#### [What to work on]
Copy word for word, please, the lines of the entries below running from the one containing "dan penyemprotan Desifektan." to the one containing "new craftsman style", both ends included.

#### [Data supplied]
_ _ _ _ _ _ _

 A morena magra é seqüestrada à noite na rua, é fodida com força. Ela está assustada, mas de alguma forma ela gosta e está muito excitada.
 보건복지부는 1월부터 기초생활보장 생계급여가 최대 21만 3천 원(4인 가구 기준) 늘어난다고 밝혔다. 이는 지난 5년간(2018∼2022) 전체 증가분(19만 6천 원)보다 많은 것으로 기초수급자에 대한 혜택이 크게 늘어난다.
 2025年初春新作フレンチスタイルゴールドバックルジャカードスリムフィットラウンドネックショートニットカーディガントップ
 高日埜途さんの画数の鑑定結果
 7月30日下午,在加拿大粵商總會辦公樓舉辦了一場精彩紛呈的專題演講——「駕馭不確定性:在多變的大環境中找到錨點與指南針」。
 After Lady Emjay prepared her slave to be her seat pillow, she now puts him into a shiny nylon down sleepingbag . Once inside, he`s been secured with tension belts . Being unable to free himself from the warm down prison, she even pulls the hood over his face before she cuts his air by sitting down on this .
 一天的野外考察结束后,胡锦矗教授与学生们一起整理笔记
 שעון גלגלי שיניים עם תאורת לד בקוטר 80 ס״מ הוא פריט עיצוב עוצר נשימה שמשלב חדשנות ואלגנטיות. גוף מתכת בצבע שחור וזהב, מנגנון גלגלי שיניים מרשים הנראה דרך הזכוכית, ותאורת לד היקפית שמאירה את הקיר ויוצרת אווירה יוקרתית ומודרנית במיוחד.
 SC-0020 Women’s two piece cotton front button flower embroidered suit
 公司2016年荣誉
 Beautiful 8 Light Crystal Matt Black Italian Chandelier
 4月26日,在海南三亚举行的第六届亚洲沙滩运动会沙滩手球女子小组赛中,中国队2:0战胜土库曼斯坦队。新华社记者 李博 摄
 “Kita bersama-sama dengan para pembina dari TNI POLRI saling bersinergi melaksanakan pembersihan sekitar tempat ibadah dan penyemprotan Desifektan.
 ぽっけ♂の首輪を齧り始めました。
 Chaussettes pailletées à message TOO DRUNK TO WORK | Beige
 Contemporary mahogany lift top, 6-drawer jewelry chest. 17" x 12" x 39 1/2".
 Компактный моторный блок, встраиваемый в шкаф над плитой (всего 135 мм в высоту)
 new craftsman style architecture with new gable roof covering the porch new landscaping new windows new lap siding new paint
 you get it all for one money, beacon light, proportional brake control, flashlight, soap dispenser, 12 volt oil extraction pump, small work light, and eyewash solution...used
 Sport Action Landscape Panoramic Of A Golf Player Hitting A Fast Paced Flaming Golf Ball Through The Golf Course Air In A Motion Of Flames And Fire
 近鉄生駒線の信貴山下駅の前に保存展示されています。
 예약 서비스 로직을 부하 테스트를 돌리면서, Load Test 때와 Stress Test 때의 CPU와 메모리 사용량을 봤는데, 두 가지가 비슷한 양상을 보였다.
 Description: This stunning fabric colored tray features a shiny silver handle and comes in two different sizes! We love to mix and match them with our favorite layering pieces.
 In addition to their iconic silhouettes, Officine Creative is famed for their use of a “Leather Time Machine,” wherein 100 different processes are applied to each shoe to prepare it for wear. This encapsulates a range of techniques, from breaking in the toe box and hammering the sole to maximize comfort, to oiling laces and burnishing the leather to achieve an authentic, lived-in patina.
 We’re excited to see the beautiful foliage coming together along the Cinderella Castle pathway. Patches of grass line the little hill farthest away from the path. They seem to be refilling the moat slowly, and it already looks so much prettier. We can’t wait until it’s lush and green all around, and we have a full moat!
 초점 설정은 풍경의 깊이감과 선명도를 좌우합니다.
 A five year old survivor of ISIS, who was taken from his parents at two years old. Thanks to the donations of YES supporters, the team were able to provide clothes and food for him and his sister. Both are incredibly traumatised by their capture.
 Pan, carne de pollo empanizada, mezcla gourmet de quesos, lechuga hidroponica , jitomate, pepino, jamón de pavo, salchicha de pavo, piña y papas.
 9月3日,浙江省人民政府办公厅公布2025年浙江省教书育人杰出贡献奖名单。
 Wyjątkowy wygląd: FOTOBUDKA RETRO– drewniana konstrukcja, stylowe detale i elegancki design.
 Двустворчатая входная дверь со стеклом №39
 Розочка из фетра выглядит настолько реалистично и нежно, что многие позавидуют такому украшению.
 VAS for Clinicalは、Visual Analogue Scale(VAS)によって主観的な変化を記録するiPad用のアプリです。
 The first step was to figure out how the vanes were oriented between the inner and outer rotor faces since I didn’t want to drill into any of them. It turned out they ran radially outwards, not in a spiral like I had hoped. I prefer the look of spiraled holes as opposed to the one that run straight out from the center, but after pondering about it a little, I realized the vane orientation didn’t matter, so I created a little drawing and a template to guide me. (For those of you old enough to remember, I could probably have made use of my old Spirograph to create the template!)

_ _ _ _ _ _ _

#### [Answer space]
 “Kita bersama-sama dengan para pembina dari TNI POLRI saling bersinergi melaksanakan pembersihan sekitar tempat ibadah dan penyemprotan Desifektan.
 ぽっけ♂の首輪を齧り始めました。
 Chaussettes pailletées à message TOO DRUNK TO WORK | Beige
 Contemporary mahogany lift top, 6-drawer jewelry chest. 17" x 12" x 39 1/2".
 Компактный моторный блок, встраиваемый в шкаф над плитой (всего 135 мм в высоту)
 new craftsman style architecture with new gable roof covering the porch new landscaping new windows new lap siding new paint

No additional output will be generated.